Benson put the bottle with the stomach contents in his pocket. The other, identical vial, he filled with wine from a bottle on the table. He put this into his pocket, too, and beside it the little tin box of headache tablets. There were two left in the tin.

“Police?” said Smitty, glancing from the dead man to his chief.

“We can notify them later,” said Benson. “We had better get away from here as soon as we can—”

The door smashed open!

“You had that idea a little late, buddy,” grated a man at the door.

His scarred, crafty face snarled at them over the sights of a .44. He shot twice at Benson and twice at the giant Smitty.

Both fell without sound!

The man took the aspirin tin and the vial from Benson’s pocket, and left.

Smitty was the first to get up. He rubbed his vast chest. Over his torso, and Benson’s, was a special type of bulletproof vest, recently perfected by The Avenger. Made of interwoven strands of a marvelous substance which Benson called celluglass, and the formula of which was known to him alone, it could turn anything up to a .50-caliber machine gun bullet.

But a .44 slug at close range kicks like a mule, even if it doesn’t penetrate. And both Benson and Smitty had been struck twice from less than five feet away.

“I think a rib’s gone,” complained the giant. “Why didn’t you let me take him, chief? I played dead because you did. But I didn’t want to.”

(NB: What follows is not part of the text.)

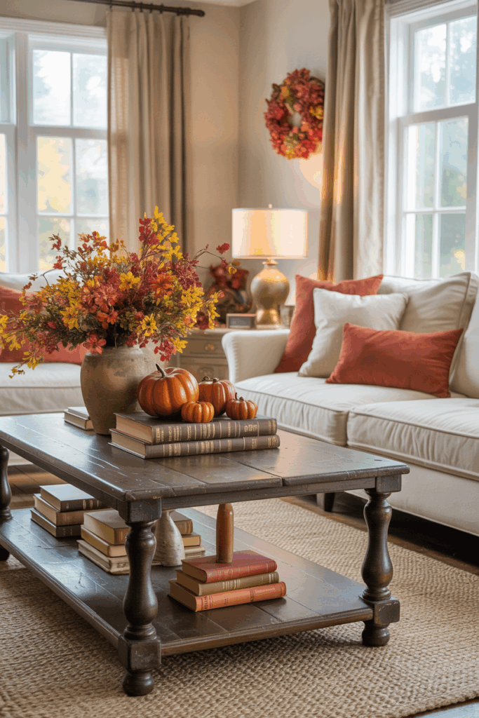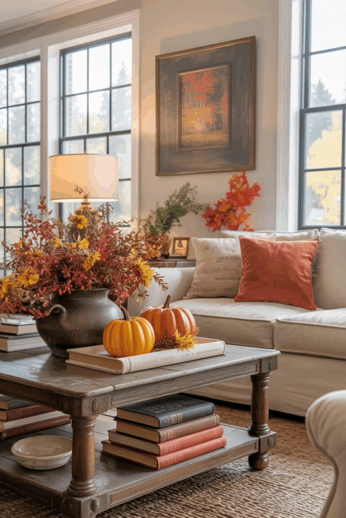 Stacking vintage books in colors like deep brown, maroon, and mustard creates instant fall character. These can be displayed on coffee tables, mantels, or bookshelves.

“If he had shot at our heads, the bullets would have hit no friendly shield,” Benson pointed out. “And head shots would have been next if we hadn’t let him think the first were successful. Besides, he got only what I wanted taken — in case we were attacked on leaving here — which was to be expected.”

“He got the tin of headache tablets,” said Smitty.

“I know what that would have yielded under analysis,” Benson said unemotionally. “Traces of the same thing we will find in the stomach contents of Sodolow. So the loss of the tin box means nothing.”

“But they got that vial, too!”

“They got the vial with ordinary wine in it,” said The Avenger. “The other, from the dead man’s stomach, is safe in my pocket. If he had started to take that, there would have been action! But he didn’t. So we now have it for laboratory analysis — though I doubt if any man alive can accurately analyze, part for part, the chemicals in it.”